Returns a table. Used in the initial context as `{file-neighborhood}`.

**Where it lives.** Application (initial context injection).

**Depends on.** None. Small, contained.

**Effort.** **Small.** ~200 lines + tests. The git-log is already in `aggregate.py`; this is a new tool that uses the same primitives.

**Recommended priority.** **LOW** — small but niche. Worth bundling with Candidate 6 if that gets done.

---

## Candidate 9: Explicit `src/split_lib.py` + `src/patch_lib.py` (nagent §11)

**Why it matters.** Manual Slop doesn't have an explicit split/patch pipeline. For very large files (>50 KB), the current `aggregate.py` + tree-sitter approach works for *reading* (skeleton, summary) but not for *patching* (no explicit segment/hash model).

**What it would do.** Mirror nagent's design:
- `src/split_lib.py` — per-language natural splitters, `index.json` with `source_path`, `sourcesha256`, `segments[]`
- `src/patch_lib.py` — strict `validate_index` (hash check), `make_unified_patch`, `apply_segment_patches`
- `src/summarize_lib.py` — per-segment LLM call + retry-with-smaller-prompt

**Where it lives.** Application (the AI is the consumer). The Meta-Tooling already has nagent if it wants this.

**Depends on.** None. Self-contained.

**Effort.** **Medium.** 2 phases: split/patch, then summarize. ~500 lines.

**Recommended priority.** **DEFER UNTIL NEEDED.** No current 1:1 use case requires explicit split/patch. If a future file is genuinely too large for tree-sitter to handle inline, this becomes Candidate #2-priority.

---

## Candidate 10: Optional raw-transcript persistence per Take (nagent §3 conversation dimension)

**Why it matters.** nagent's "edit the conversation file" pattern is foreign to Manual Slop because the App stores abstracted entries (`disc_entries`), not raw transcripts. The user-edit feature in the GUI does edit individual entries, but the underlying log of `function_call` / `tool_result` blocks is implicit.

**What it would do.** Optionally, when a take is snapshotted to TOML (`project_manager.save_project`), also persist the raw transcript to a sibling file `discussions/<take_name>/transcript.jsonl`. The GUI gets a "View Raw Transcript" button. Optional "Edit Raw Transcript" mode that re-parses and re-aggregates.

**Where it lives.** Application. Optional — user can toggle per-project.
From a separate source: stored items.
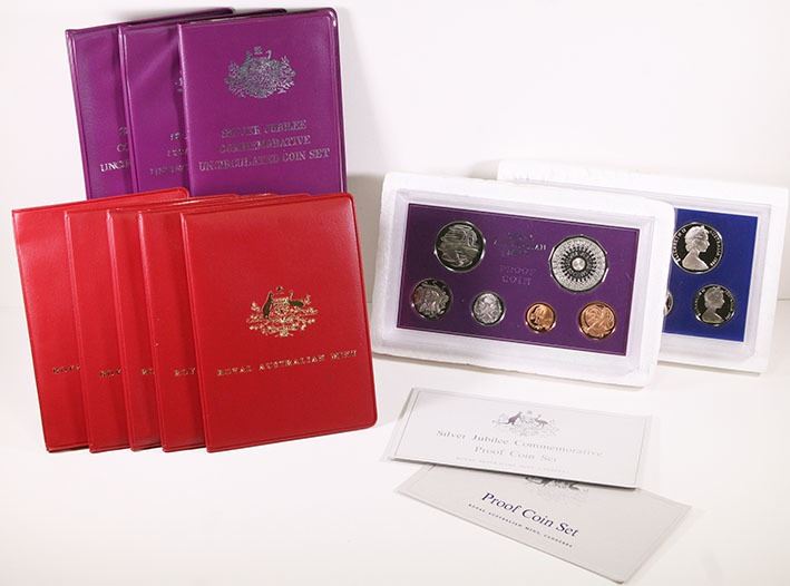 Uncirculated Coin Sets, Silver Jubilee, 1977 (3)(some copper coins toned), 1978 (5); Proof Sets, Silver Jubilee, 1977, 1978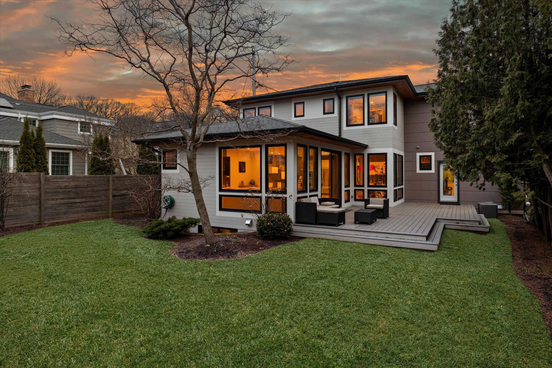 Sleek Expansive Modern 8 Year Old NEW CONSTRUCTION with dramatic entryway floating glass and wood staircase with tall ceilings throughout and sightlines to bright open spacious floor plan. Contemporary kitchen design. large island with prep sink, backsplash, state of the art appliance package. 1st floor den, laundry, mudroom and essential attached garage. Exceptional windows, sliding glass doors to private fenced yard. Upper primary w/sitting area and LARGE walk-in closet and 3 additional bedrooms and 2 baths. Stunning lower level features large family/media room, bar area, and lower ensuite with egress window. 2 storage rooms. Great move-in ready property with high quality mechanicals, attention to detail, and easy walk to the Klode Park and the Village of Whitefish Bay.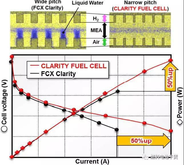 氣體流道深度的降低進一步降低了流道周期,有效緩解了氣體擴散層中水凝結和積累,提高氣體擴散性能,實現(xiàn)電堆內每片電池發(fā)電性能提高1.5倍。伴隨電池厚度薄化和性能優(yōu)化,本田Clarity燃料電池體積功率密度提高了60%,電堆數(shù)量減少30%,電堆尺寸減少33%。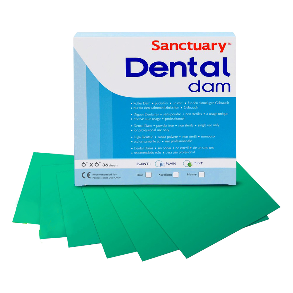 The Sanctuary Rubber Dam Sheet 6x6 (Green Mint) is of medium thickness. It provides optimal flexibility and ease of handling, making it suitable for e...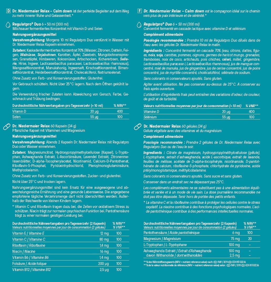Dr. Niedermaier Relax capsules: Citrate de magnésium, hydroxypropylméthylcellulose (capsule), L-tryptophane, extrait d'ashwaghanda, acide L-ascorbique, extrait de lavande, feuilles de mélisse citronnée, acétate de D-alpha-tocophérol, nicotinamide, D-pantothénate de calcium, riboflavine-5-phosphate, chlorhydrate de pyridoxine, acide ptéroylmonoglutamique, méthylcobalamine.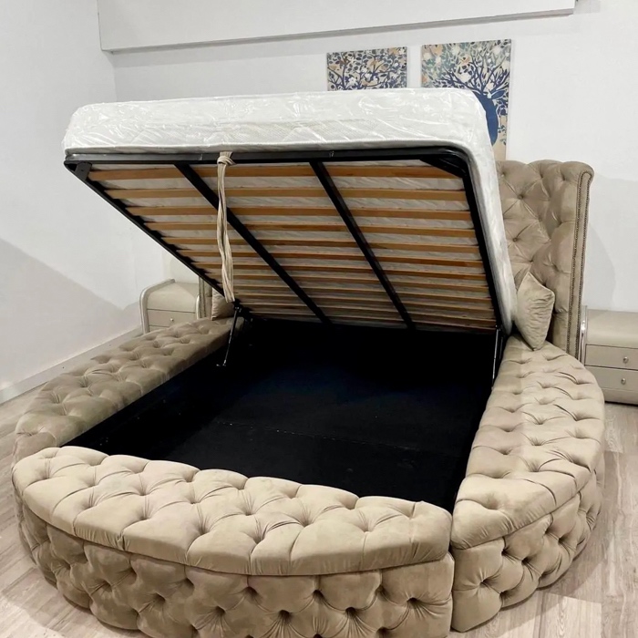 Pat tapitat rotund in stil Chesterfield, material catifelat cappuccino cu nasturi, structura rezistenta, formata din lemn si PAL melaminat, somiera rabatabila cu lada de depozitare, dimensiunea saltelei de 140 x 200 cm. Acest pat tapitat rotund in stil Chesterfield este o piesa de mobilier deosebita, care se remarca printr-un design clasic si luxuriant, potrivit pentru dormitoarele spatioase. Realizat dintr-un material catifelat de inalta calitate, intr-o nuanta sofisticat
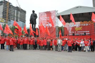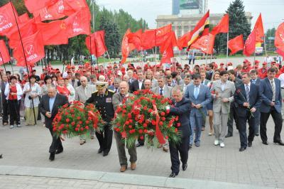 Утром Г.А. Зюганов, лидер компартии Украины П.Н. Симоненко, представители компартий, входящих в СКП-КПСС, депутаты фракции КПРФ в Государственной Думе, коммунисты и комсомольцы возложили цветы к памятнику В.И. Ленину. Затем цветы были возложены к монументу воинам-освободителям Донбасса.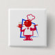 Der Koch ist ein Koch, der eine Suppe in der Hand hat und mit Freude begrüßt wird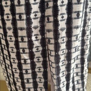 Elevate your style with this chic black and white patterned dress. Perfect for any occasion, this dress offers a flattering fit and timeless design. The color is almost a slate gray/ with an undertone of blue. Lined. Has a unique back. Excellent condition with the exception of the slit near the hem has come undone a bit and needs a little repair. See picture for detail. Not noticeable unless closely inspecting. Priced accordingly. Measurements laying flat (unstretched and approximate inches)
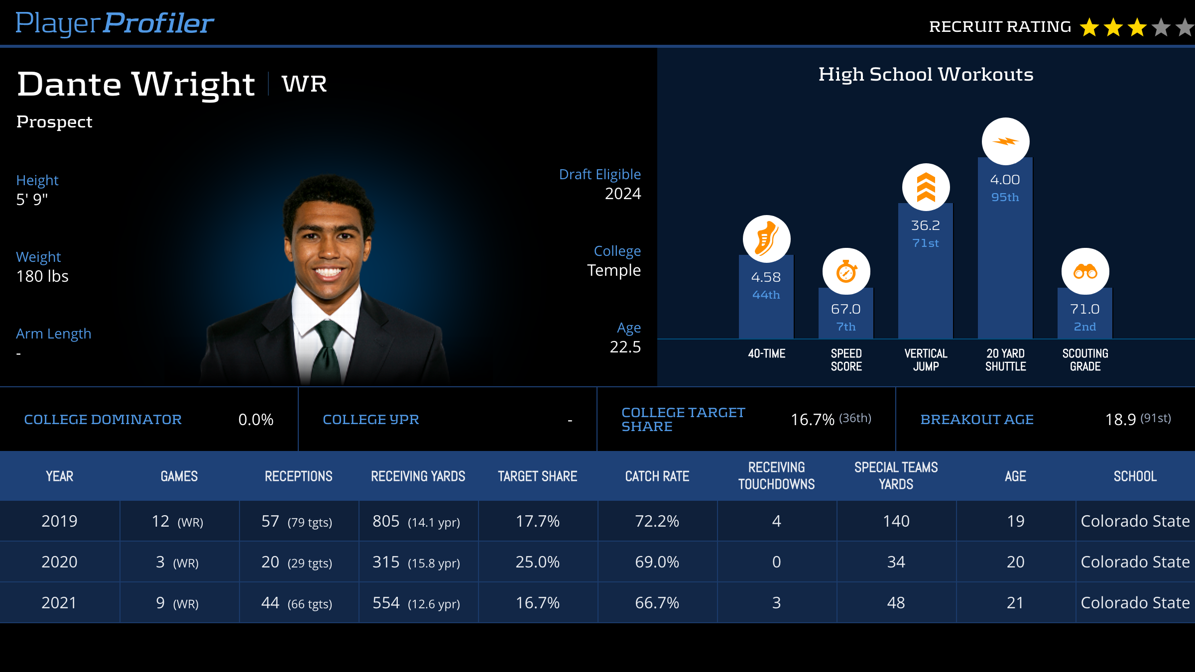 | Year Year | Games Games | Receptions Recs | Receiving Yards Rec Yds | Target Share Tgt Share | Catch Rate Catch Rate | Receiving Touchdowns Rec TDs | Special Teams Yards Special Teams | Age Age | School School |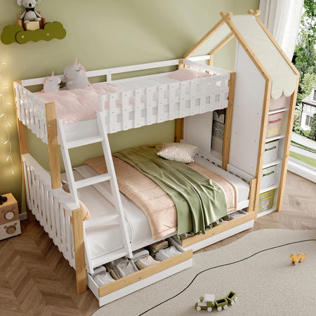 Przestrzeń do przechowywania jest przemyślanie zintegrowana, aby utrzymać porządek w sypialniach. Bok w kształcie domu posiada wiele otwartych schowków oraz wbudowaną ukrytą przestrzeń do przechowywania. Dwie dodatkowe szuflady pod dolnym łóżkiem zapewniają dodatkowe miejsce na ubrania, zabawki lub pościel, pomagając maksymalnie wykorzystać kompaktową przestrzeń. Bezpieczeństwo jest priorytetem dzięki solidnym barierkom wokół górnego łóżka, zaprojektowanym dla dzieci od sześciu lat wzwyż.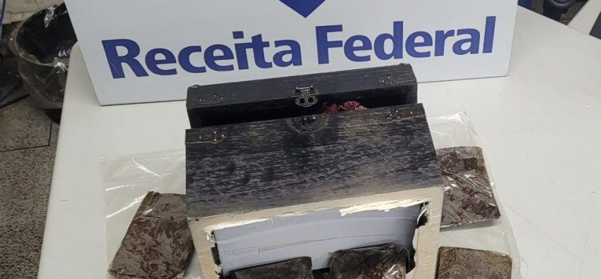 De acordo com o órgão, o haxixe, resina da maconha, foi identificada após revista no equipamento de raio-x que verifica encomendas postadas. A bagagem tinha 910g da droga.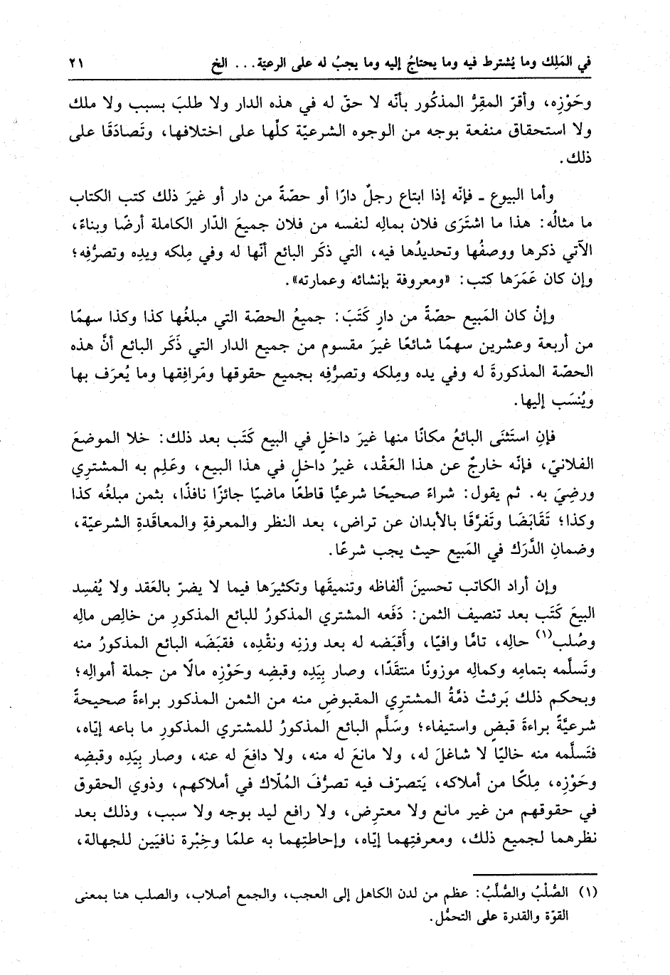 فإن استثنى البائع مكاناً منها غير داخل في البيع كتب بعد ذلك : خلا الموضع الفلاني ، فإنه خراج عن هذا العقد ، غير داخل في هذا البيع ، وعلم به المشتري ورضى به . ثم يقول : شراءً صحيحاً قاطعاً ماضياً جائزاً نافذاً بثمن مبلغه كذا وكذا ، تقابضاً وتفرقاً بالأبدان عن تراض ، بعد النظر والمعرفة والمعاقدة الشرعية ، وضمان الدرك في المبيع حيث يجب شرعاً . وإن أراد الكاتب تحسني ألفاظه وتنميقها وتكثيرها فيما لا يضر بالعقد ولا يفسد البيع كتب بعد تنصيف الثمن : دفعه المشتري المذكور للبائع المذكور من خالص ماله وصلب حاله ، تاماً وافياً ، وأقبضه له بعد وزنه ونقده ، فقبضه البائع المذكور منه وتسلمه بتمامه وكماله موزوناً منتقداً ، وصار بيده وقبضه وحوزه مالاً من جملة أمواله ، وبحكم ذلك برئت ذمة المشتري المقبوض منه من الثمن المذكور براءة صحيحة شرعية براءة قبض واستيفاء ، وسلم البائع المذكور للمشتري المذكور ما باعه إياه ، فتسلمه منه خالياً لا شاغل له ، ولا مانع له منه ، ولا دافع له عنه ، وصار بيده وقبضه وحوزه ، ملكاً من أملاكه ، يتصرف فيه تصرف الملاك في أملاكه ، وذوي الحقوق في حقوقهم من غير مانع ولا معترض ، ولا رافع ليد بوجه ولا سبب ، وذلك بعد نظرهما لجميع ذلك ، ومعرفتها إياه ، وإحاطتهما به علماً وخبرة نافيين للجهالة ،

**Depends on.** None. Could be a small follow-up to Candidate 3 (`Conversation` class).

**Effort.** **Small.** ~150 lines + tests. Persist the existing `comms.log` in a structured way.

**Recommended priority.** **LOW** — niche feature, opt-in only.

---

## Summary table

| # | Candidate | User signal | Priority | Effort | Domain |
|---|---|---|---|---|---|
| 1 | `SubConversationRunner` (1:1 sub-convos) | **Explicit want** | **HIGH** | Medium | App + MT |
| 2 | RAG pre-staging via sub-conversation | **Explicit want** | **HIGH** | Small (depends on #1) | App |
| 3 | Stateless `LLMClient` class | (none) | Medium | Large | App |
| 4 | Intent-based DSL for Meta-Tooling | Explicit but deferred | Low | Research | MT |
| 5 | Self-describing MCP tools | Implicit | Low (subsumed) | Medium | BOTH |
| 6 | `src/git_history.py` (nagent §7) | (none) | Medium | Medium | App |
| 7 | Per-file conversation log | (none) | Low | Small | App |
| 8 | `py_/ts_c_coedited_files` tools | (none) | Low (bundle with #6) | Small | App |
| 9 | Explicit `split_lib.py` / `patch_lib.py` | (none) | Defer until needed | Medium | App |
| 10 | Raw-transcript persistence per Take | (none) | Low | Small | App |

---

## Recommended next steps

1. **Spec and build Candidate 1 first** — it's the highest-priority user-flagged want, and Candidates 2 builds on it.
2. **Combine Candidate 2 with Candidate 1's track** — same primitive, different prompt.
3. **Hold Candidates 3-10 for future scoping** — each is a separate conductor track when the corresponding need surfaces.

The current `nagent_review_20260608` track itself produces no code; it's the reference. Candidates 1 and 2 will be the first *implementation* tracks informed by it.